After two weeks, the ovulated egg remains unfertilized, and the corpus luteum stops producing progesterone and breaks down.
Human chorionic gonadotropin (hCG). It is the hormone secreted by the placenta in pregnant women.
Human chorionic gonadotropin is a hormone produced by cells that surround the growing human embryo; These cells eventually go on to form the placenta.
Human chorionic gonadotropin can be detected in the urine 7 to 9 days after fertilization as the embryo attaches and implants in the uterus. A doctor can request this hormone test or carry it out without medical requirements.
During the menstrual cycle, when an egg is released from the ovary at ovulation, the remnants of the ovarian follicle (which surrounds the egg) form a new temporary ovarian gland called the corpus luteum, which produces the hormone progesterone.
A feedback mechanism signals the pituitary gland to produce follicle-stimulating hormone (and, to a lesser extent, luteinizing hormone) to start the next menstrual cycle.
However, suppose the ovulated egg is fertilized by sperm, and an embryo is created. The corpus luteum must continue to produce progesterone until the placenta is established (the placenta takes over progesterone production).
The corpus luteum must continue to produce progesterone because the loss of progesterone leads to the loss of the uterus lining (menstruation), which would prevent an embryo from implanting.
Human chorionic gonadotropin is the embryonic hormone that ensures that the corpus luteum continues to produce progesterone during the first trimester of pregnancy.
In addition to maintaining progesterone production from the ovary, human chorionic gonadotropin may also ensure that the lining of the uterus (endometrium) is ready to receive the implanted embryo.
Recent studies have indicated that human chorionic gonadotropin may help increase the blood supply to the uterus and participate in the remodeling of the lining of the uterus in preparation for the implanted embryo.
- Promotion of progesterone production from the corpus luteum.
- Angiogenesis of the uterine vasculature.
- Cytotrophoblast differentiation.
- Immunosuppression and blocking of invading trophoblastic cell phagocytosis.
- The growth of the uterus is in line with fetal growth.
- The inactivity of uterine muscle contraction.
- Promotion of growth and differentiation of fetal organs.
- Growth and development of the umbilical cord.
- Endometrial blastocyst signals before implantation.
HCG in sperm and receptors found in the fallopian tubes, suggesting pre-pregnancy communication
The hCG receptors in the brain hippocampus, hypothalamus, and brainstem can cause nausea and vomiting during pregnancy.
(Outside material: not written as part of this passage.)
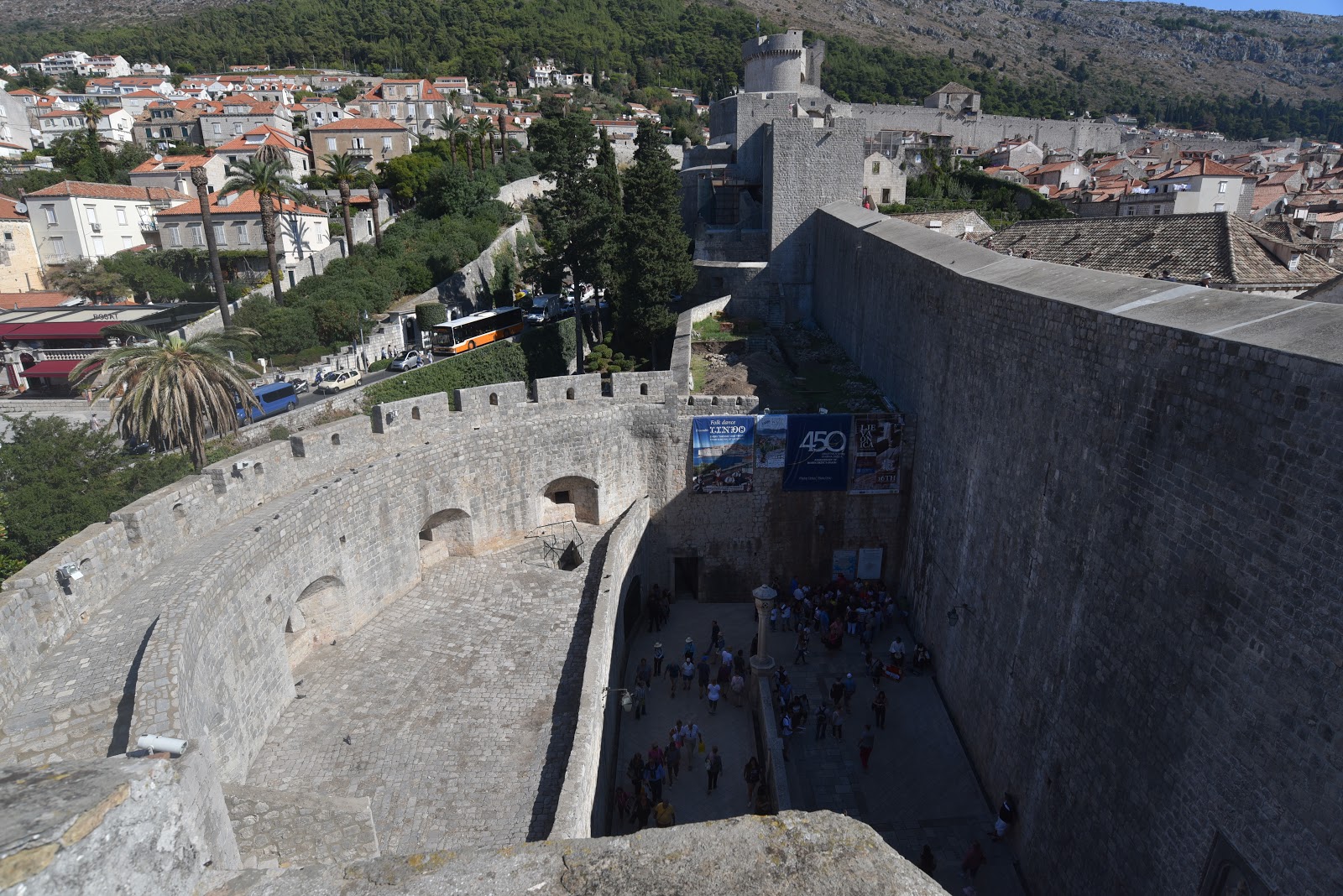We were easily enticed to climb up to walk atop the high ancient stone walls, rising from the sea, protectively thick & thus occasionally wide enough to become small streets with terraces … places for restaurants & bars offering views on one side out to the water or down the other side onto the tile roofs of the old city.

How is human chorionic gonadotropin controlled?
Human chorionic gonadotropin is produced by trophoblast cells surrounding the developing embryo at approximately five days of pregnancy.
The amount of human chorionic gonadotropin in the bloodstream doubles every 2-3 days as the development of the embryo and placenta continues and levels peak around six weeks of pregnancy.
After this peak, human chorionic gonadotropin levels decline (although they remain detectable during pregnancy).
Once the placenta is established, it becomes the primary source of progesterone production (around week 12 of pregnancy), and human chorionic gonadotropin is no longer needed to maintain ovarian function.
However, human chorionic gonadotropin may have additional beneficial effects in the later stages of pregnancy; researchers are currently investigating such roles.
Maternal blood levels
Levels peak at 8 to 10 weeks of pregnancy, then decrease and are lower throughout the remainder of the pregnancy.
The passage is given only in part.